Instagram especially appeals to people in the images business, examples including painting, drawing, costumes, tattoos, photography… It becomes an aspect of marketing their businesses, much as company websites complement brochures. Facebook acquired Instagram in 2012 (making the founders very rich), so people are able to post content to both sites simultaneously.

Here are two sides of a small stone, painted, and left in a public place as part of the Maynard Rocks public display. Hundreds of children - and artists - have placed these about town for others to find, photograph, move to new locations, perhaps even to keep (discouraged). Maynard Rocks has a Facebook page, and also, as of mid-September, an Instagram address: #maynardrocks

Locally, there are hundreds of images posted to #maynardma, #assabetriver and #lakeboon. One of the problems is that people tend to be liberal with their attachment of hashtags to their photos, so a search on #maynardma will yield not only images of things in Maynard, but scores upon scores of photos of people you do not know, who either live in Maynard, or just happened to be visiting Maynard when a photo was taken, or post photos of women’s hair (styled in Maynard?), or are of a performer name Conrad Maynard.

For reasons unclear to my neophyte understanding of Instagram, a search on #stow ma with a space between "stow" and "ma" is needed to get to the collection of 1,257 postings at #stowma. The order of appearance appears to be a handful of the most popular postings, followed by recent postings. For Stow, whoever has been posting is a big fan of photographs of flowers, and of tomatoes (!?).

Instagram has a downside. For teens especially, social media platforms are a measure of popularity.
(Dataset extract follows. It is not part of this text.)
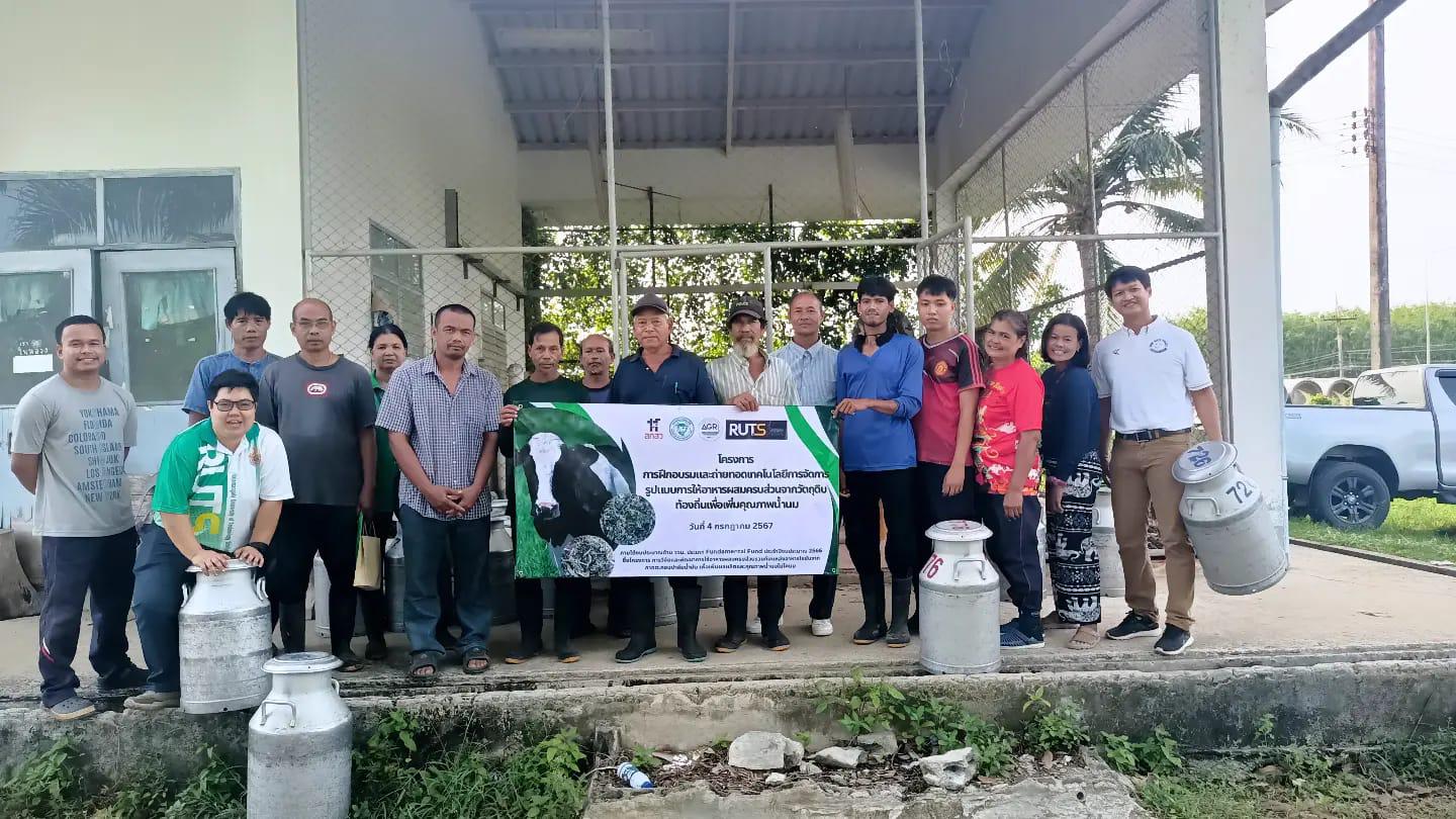 Following the research, the project team extended their impact through a Training Workshop on “Dairy Food Production from Local Ingredients for Improved Milk Quality” on 4 July 2024. The workshop aimed to transfer the research outcomes to livestock farmers and agricultural entrepreneurs in local communities. Participants learned how to utilize locally available raw materials to formulate balanced dairy feed and enhance milk quality. The researchers demonstrated practical techniques for producing PTMR-based dairy feed, feed preservation, and on-farm feed management. The training also emphasized the importance of nutrition in animal health, milk composition, and production efficiency. Farmers gained both theoretical and hands-on experience, empowering them to apply scientific knowledge in their daily farming practices. This outreach activity built a strong bridge between the university and the agricultural community, promoting sustainable livestock systems in southern Thailand. By integrating research with real-world application, the project successfully combined academic innovation with community development. Through these efforts, RUTS continues to foster sustainable agriculture that benefits both farmers and the environment.

There is pressure to post really good photos of oneself, to the point that some people resort to professional make-up and hair preparation. A dearth of followers, and/or negative comments, can be disheartening. A survey conducted in England in 2017 reported that Instagram rated highest among social media platforms for teen problems with bullying, body image, anxiety, depression and loneliness.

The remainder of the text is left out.